* Required action *
Reproduce exactly the lines below, from the first one through the line containing "ist problemlos meisterbar.", and omit any pictures.

Records contained in a dataset
◆ ◆ ◆ ◆ ◆ ◆ ◆

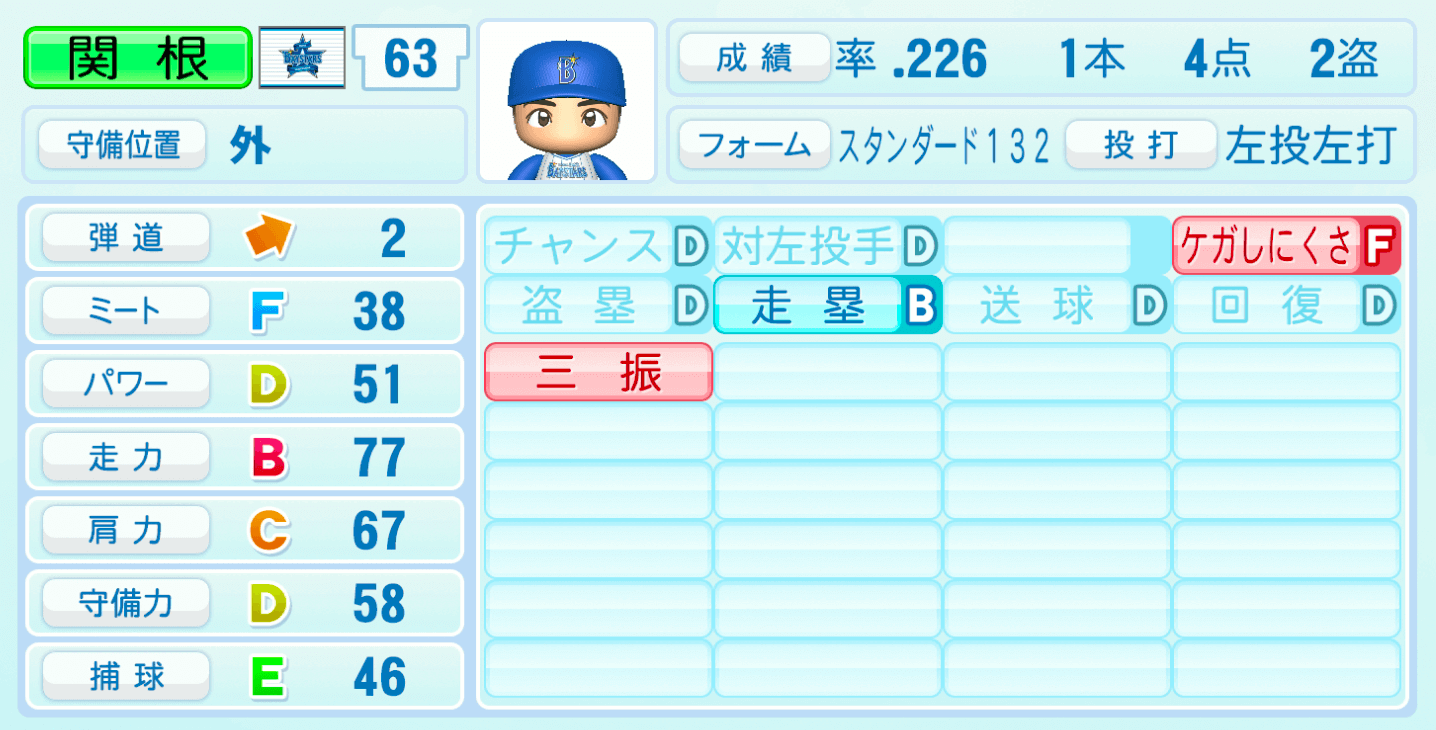 | 盗塁D | 走塁B |
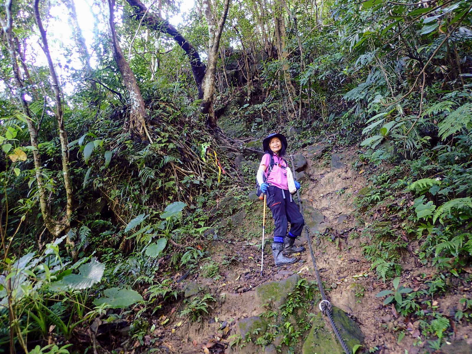 拉繩攀岩, 前面兩位快步如飛, 把我遠遠拋在後, 我是體力明顯不濟, 走一步就喘兩步, 最近幾次爬山都覺得很累, 強烈懷疑是不是之前被恙蟲咬過的後遺症
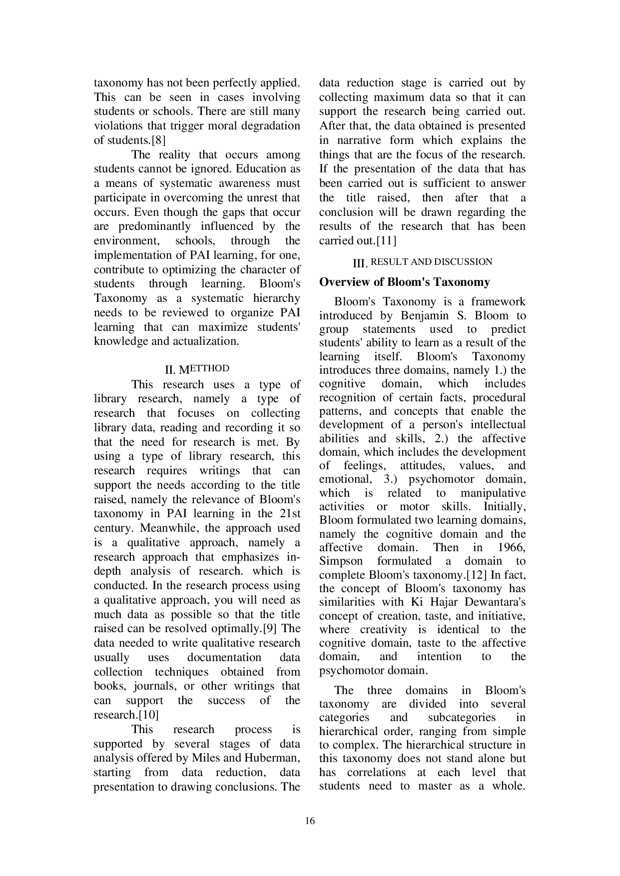 Penelitian ini menyimpulkan bahwa taksonomi Bloom tetap relevan dalam pembelajaran PAI di abad ke-21.Penerapan taksonomi Bloom dapat membantu guru merancang pembelajaran yang lebih terstruktur dan sistematis, sehingga dapat meningkatkan kemampuan kognitif, afektif, dan psikomotorik siswa.Selain itu, taksonomi Bloom juga dapat menjadi acuan bagi guru dalam mengukur tingkat pemahaman siswa terhadap materi pembelajaran.Dengan demikian, pembelajaran PAI dapat lebih efektif dalam mempersiapkan siswa untuk menghadapi tantangan di era digital.
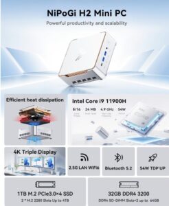 • ⭐【Leistungsstarker Mini PC i9-11900H】Der NiPoGi H2 Mini PC ist mit einem leistungsstarken Ιntel Core i9-11900H Prozessor (8 Kerne und 16 Threads, bis zu 4,9 GHz, 24 MB Ιntel Smart Cache) ausgestattet. Dank 10-nm-SuperFin-Prozessortechnologie und 54 W TDP bietet er leistungsstarke Rechenleistung. Die Leistung ist im Vergleich zum Ryzen 7 6800H/5800H/ i7-11700K/ um über 30 % gestiegen. Ob tägliche Büroarbeit, Multitasking oder komplexe kreative Arbeit – er ist problemlos meisterbar.
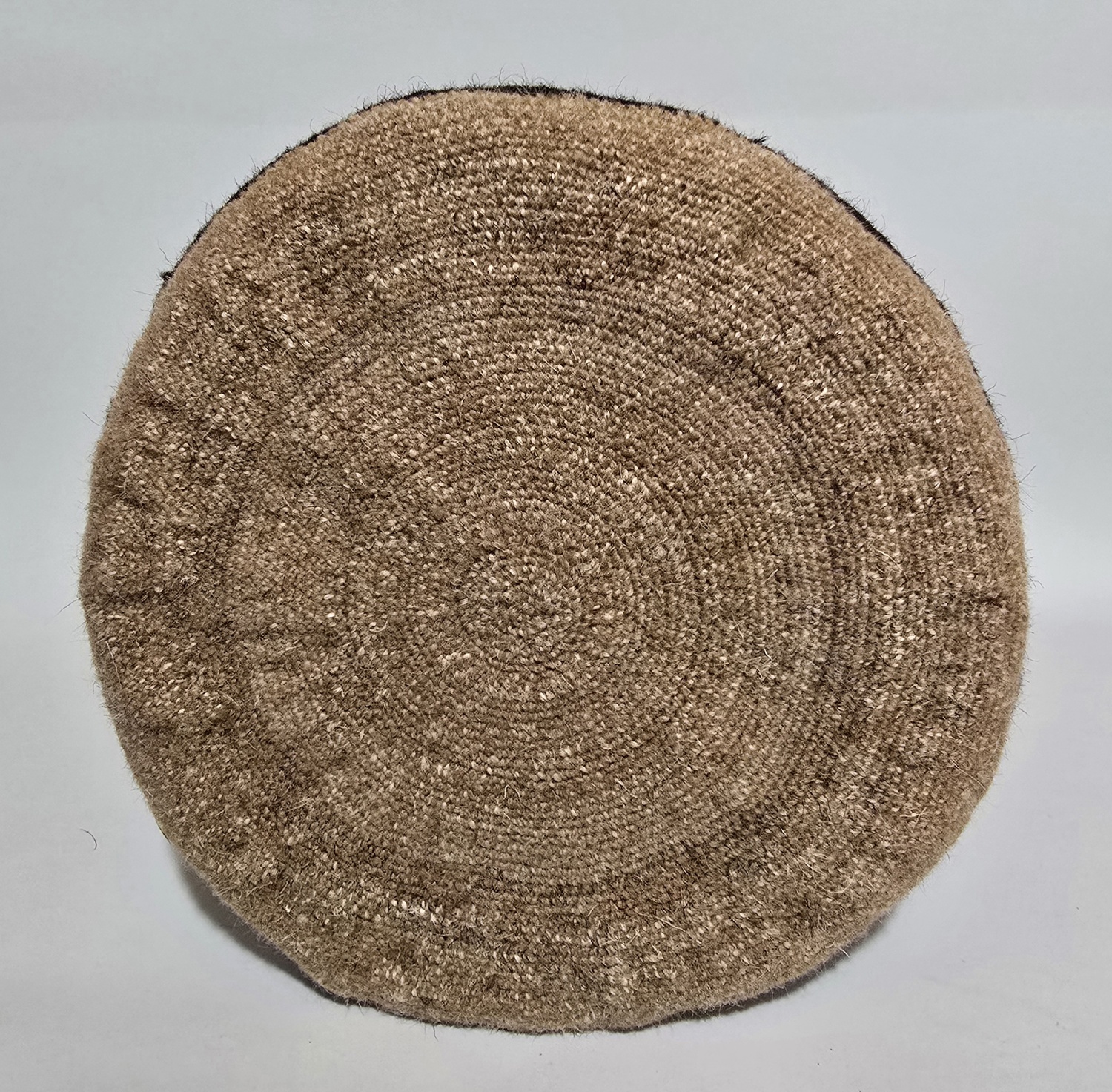 Material y Pureza: Cada hebra de lana, hilada y tejida a mano, conserva su color natural, reflejando la pureza de los materiales y la profunda conexión con la tierra.
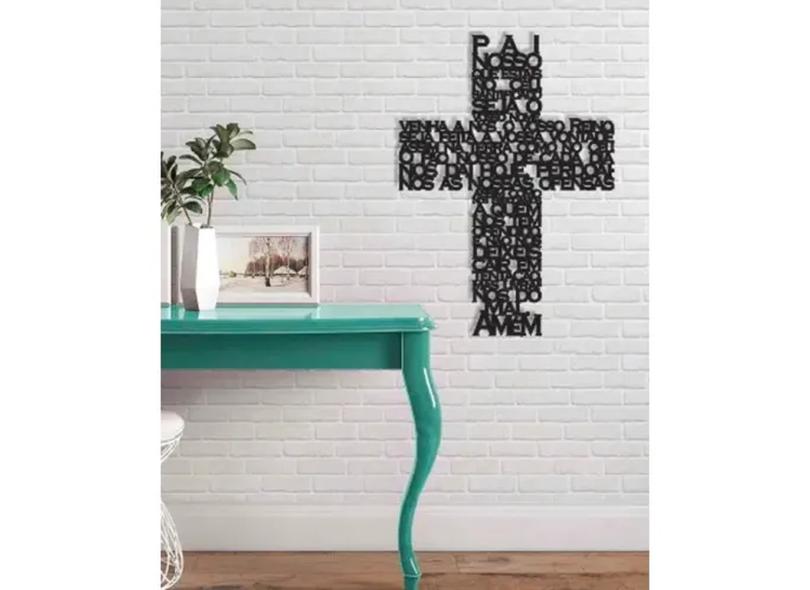 Pai Nosso Cruz 40X28Cm Em Madeira Mdf Escultura De Parede

◆ ◆ ◆ ◆ ◆ ◆ ◆

* Task output *
 | 盗塁D | 走塁B |
 拉繩攀岩, 前面兩位快步如飛, 把我遠遠拋在後, 我是體力明顯不濟, 走一步就喘兩步, 最近幾次爬山都覺得很累, 強烈懷疑是不是之前被恙蟲咬過的後遺症
 Penelitian ini menyimpulkan bahwa taksonomi Bloom tetap relevan dalam pembelajaran PAI di abad ke-21.Penerapan taksonomi Bloom dapat membantu guru merancang pembelajaran yang lebih terstruktur dan sistematis, sehingga dapat meningkatkan kemampuan kognitif, afektif, dan psikomotorik siswa.Selain itu, taksonomi Bloom juga dapat menjadi acuan bagi guru dalam mengukur tingkat pemahaman siswa terhadap materi pembelajaran.Dengan demikian, pembelajaran PAI dapat lebih efektif dalam mempersiapkan siswa untuk menghadapi tantangan di era digital.
 • ⭐【Leistungsstarker Mini PC i9-11900H】Der NiPoGi H2 Mini PC ist mit einem leistungsstarken Ιntel Core i9-11900H Prozessor (8 Kerne und 16 Threads, bis zu 4,9 GHz, 24 MB Ιntel Smart Cache) ausgestattet. Dank 10-nm-SuperFin-Prozessortechnologie und 54 W TDP bietet er leistungsstarke Rechenleistung. Die Leistung ist im Vergleich zum Ryzen 7 6800H/5800H/ i7-11700K/ um über 30 % gestiegen. Ob tägliche Büroarbeit, Multitasking oder komplexe kreative Arbeit – er ist problemlos meisterbar.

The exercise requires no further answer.